The applicants own a water right for 1.25 c.f.s. decreed to Ditch No. 1, which was awarded priority A-47, with an appropriation date of June 17, 1897, by a decree dated June 23, 1914 (the 1.25 c.f.s. right). *1066 The decreed point of diversion is on Little Muddy Creek a tributary of East Muddy Creek, which in turn is a tributary of the North Fork of the Gunnison River.
The applicants also own a water right for 0.5 c.f.s. decreed to Ditch No. 2, which was awarded priority A-102, with an appropriation date of June 17, 1908, by a decree dated June 23, 1914 (the 0.5 c.f.s. right). The decreed point of diversion is on East Muddy Creek, slightly below the confluence of Little Muddy Creek and Clear Fork Creek, which form East Muddy Creek by their joinder.
Two adjoining placer mining claims are owned by the applicants. The St. Louis Placer (the "Upper Place") straddles Little Muddy Creek and extends downstream to a point slightly below its confluence with Clear Fork Creek. The Ouray Placer (the "Lower Place") straddles East Muddy Creek for a distance downstream from the lower boundary of the Upper Place.
The original decreed point of diversion of the 1.25 c.f.s. right is at the headgate of Ditch No. 1 on the Upper Place, and the water there diverted was used to irrigate meadows on the Upper Place. On November 17, 1972, a change of point of diversion of the 1.25 c.f.s. right was decreed by the District Court for Water Division Number 4, upon the request of the applicants' predecessors in interest. The newly decreed point of diversion is located at the headgate of Ditch No. 2 on East Muddy Creek. Water diverted at this new location on the basis of the 1.25 c.f.s. right has been used to irrigate meadows on the Lower Place, even though no application for a change of place of use has been granted or sought.
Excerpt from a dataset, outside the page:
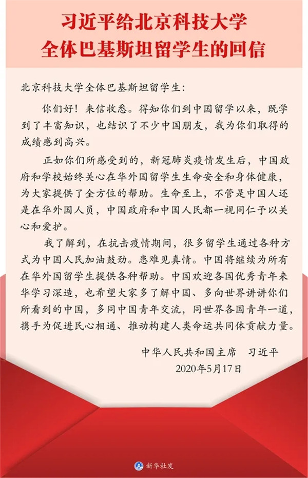 习近平给北京科技大学全体巴基斯坦留学生的回信

On January 31, 1964, before the change of point of diversion for the 1.25 c.f.s. right was requested, the applicants' predecessors in interest obtained a decree to Elks Beaver Ditch for 7.00 c.f.s., priority K-127, with an appropriation date of August 10, 1955. The decreed point of diversion is on Clear Fork Creek about a mile and a half above the headgate of Ditch No. 2.
The water right decreed to Elks Beaver Ditch is now used to irrigate the Upper Place. However, by late July or August of each year the full supply of water in Clear Fork Creek is needed to satisfy the requirements of holders of senior water rights downstream. Consequently, the Elks Beaver Ditch headgate is closed during the latter part of each irrigating season. To obtain a late-season supply of water to finish the hay crop on the Upper Place, in the case now before us the applicants requested an alternate point of diversion for the 1.25 c.f.s. right and the 0.5 c.f.s. right[1] at the Elks Beaver Ditch headgate.
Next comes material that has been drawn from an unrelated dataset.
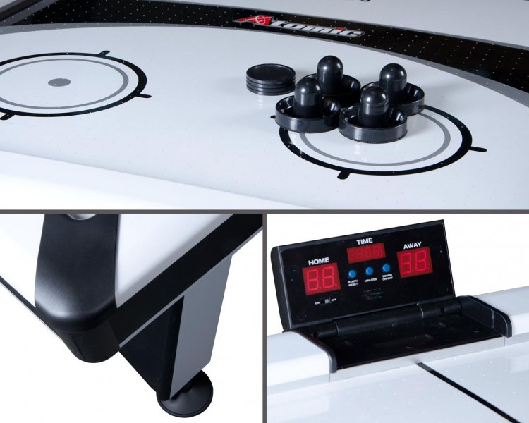 Выполненный из высокопрочных материалов, корпус аэрохоккея Atomic Blazer не боится повреждений и мелких царапин, что прибавляет ему долговечности и надолго сохраняет красивый внешний вид. Игровое поле выполнено из ламинированной древесно-стружечной плиты. Четкие линии и строгие тона не отвлекают от игры и позволяют сконцентрироваться на ней целиком и полностью!

Statements of opposition to the application for an alternate point of diversion were filed by McIntyre Livestock Corporation (McIntyre) and Ragged Mountain Water Users Association (Ragged Mountain). McIntyre owns a water right for 4 c.f.s. decreed to Ditch No. 3, which has its headgate on East Muddy Creek about a mile downstream from the headgate of Ditch No. 2. The priority number, decree date and appropriation date for Ditch No. 3 are identical to those for Ditch No. 1. Ragged Mountain is an association of water users on tributaries of Muddy Creek. It was formed to purchase stored water in Paonia Reservoir to enable members to make out-of-priority diversions in exchange for release of compensatory amounts of water from the reservoir.[2] To the extent that any *1067 change in water usage upstream of the reservoir inhibits the filling of Paonia Reservoir, the rights of Ragged Mountain are adversely affected.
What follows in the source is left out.